Tested on a x64 linux platform, decompressing a 5 GB text file locally takes 5 seconds with v1.9.4;
this is reduced to 3 seconds in v1.10.0, corresponding to > +60% performance improvement.

Official support for dictionary compression (and decompression)

Starting from v1.10.0, dictionary compression, previously tagged as "experimental", now receives full support. This upgrade assures stability and ongoing support for the feature, enabling developers to reliably use this functionality in their applications.
The new symbols supported by liblz4 are :

  • LZ4_loadDictSlow(): minor variant of LZ4_loadDict(), which consumes more initialization time to better reference the dictionary, resulting in slightly improved compression ratios.
  • LZ4_attach_dictionary(): use in-place a LZ4 state initialized with a dictionary, to perform dictionary compression (LZ4 Block format) without the initialization costs. Very useful for small data, where dictionary initialization can become a bottleneck. The dictionary state can be used by multiple threads concurrently.
  • LZ4_attach_HC_dictionary(): same as LZ4_attach_dictionary(), but for LZ4HC dictionary compression.
  • LZ4F_compressBegin_usingDict(): initiate streaming compression to the LZ4Frame format, using a Dictionary.
  • LZ4F_decompress_usingDict(): decompress a LZ4Frame requiring a Dictionary
  • LZ4F_createCDict() : create a materialized dictionary, ready to start compression without initialization cost.

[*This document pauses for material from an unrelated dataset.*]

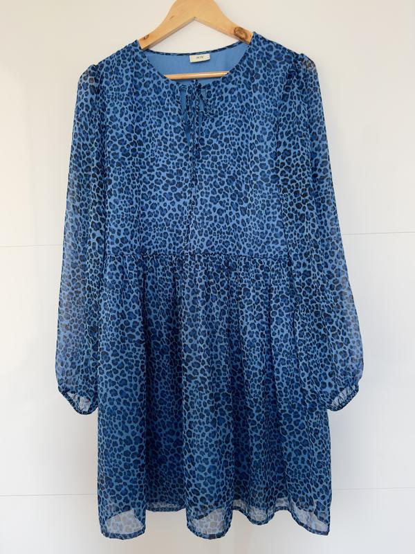 Сукня від бренду jacqueline de yong, леопардова, гарного глибокого синього кольору, під шифон, з підкладкою внизу, розмір М, але нормально буде і на Л, в талії досить вільно сидить. Пог - 50 см Довжина - 85 см Всередині є маленькa зацепочкa, але ззовні не видно(останнє фото)

Can be shared across multiple threads.
  • LZ4F_compressFrame_usingCDict(): one-shot compression to the LZ4Frame format, using materialized CDict
  • LZ4F_compressBegin_usingCDict(): initiate streaming compression to the LZ4Frame format, using materialized CDict

New compression level 2

The new "Level 2" compression effectively fills the substantial gap between the standard "Fast Level 1" and the more intensive "High Compression Level 3." It provides a balanced option, optimizing performance and compression as evidenced in the benchmark results below (i7-9700k, linux):

file level 1 level 2 level 3
silesia.tar (speed) 685 MB/s 315 MB/s 110 MB/s
silesia.tar (ratio) x2.101 x2.378 x2.606

Level 2 is ideal for applications requiring better compression than lz4 level 1, without the speed trade-offs associated with HC level 3.

Miscellaneous

  • The CLI now supports the environment variables LZ4_CLEVEL and LZ4_NBWORKERS, offering flexible control over its behavior in scenarios where direct commands are impractical, or when customized local defaults are necessary.
  • The licensing for the CLI and test programs has been clarified to GPL-2.0-or-later to distinguish it from GPL-2.0-only, enhancing transparency. The liblz4 library maintains its BSD-2 clause license.
  • Various less common platforms have been validated (loongArch, risc-v, m68k, mips and sparc), and are now continuously tested in CI, to ensure portability.
  • Visual Studio solutions are now generated from cmake recipe, in an effort to reduce manual maintenance of multiple Solutions.

One-liner updates

  • cli : multithreading compression support: improves speed by X times threads allocated
  • cli : overlap decompression with i/o, improving speed by >+60%
  • cli : support environment variables LZ4_CLEVEL and LZ4_NBWORKERS
  • cli : license of CLI more clearly labelled GPL-2.0-or-later
  • cli : fix: refuse to compress directories
  • cli : fix dictionary compression benchmark on multiple files
  • cli : change: no more implicit stdout (except when input is stdin)
  • lib : new level 2, offering mid-way performance (speed and compression)
  • lib : Improved lz4frame compression speed for small data (up to +160% at 1KB)
  • lib : Slightly faster (+5%) HC compression speed (levels 3-9), by @JunHe77
  • lib : dictionary compression support now in stable status
  • lib : lz4frame states can be safely reset and reused after a processing error (described by @QrczakMK)
  • lib : lz4file API improvements, by @vsolontsov-volant and @t-mat
  • lib : new experimental symbol LZ4_compress_destSize_extState()
  • build: cmake minimum version raised to 3.5
  • build: cmake improvements, by @foxeng, @Ohjurot, @LocalSpook, @teo-tsirpanis, @ur4t and @t-mat
  • build: meson scripts are now hosted into build/ directory, by @eli-schwartz
  • build: meson improvements, by @tristan957
  • build: Visual Studio solutions generated by cmake via scripts
  • port : support for loongArch, risc-v, m68k, mips and sparc architectures
  • port : improved Visual Studio compatibility, by @t-mat
  • port : freestanding support improvements, by @t-mat

Automated change log

New Contributors

Full Changelog: v1.9.4...v1.10.0

edit: the lz4-1.10.0.tar.gz artifact has been updated because the initial version was embedding some macos specific stuff.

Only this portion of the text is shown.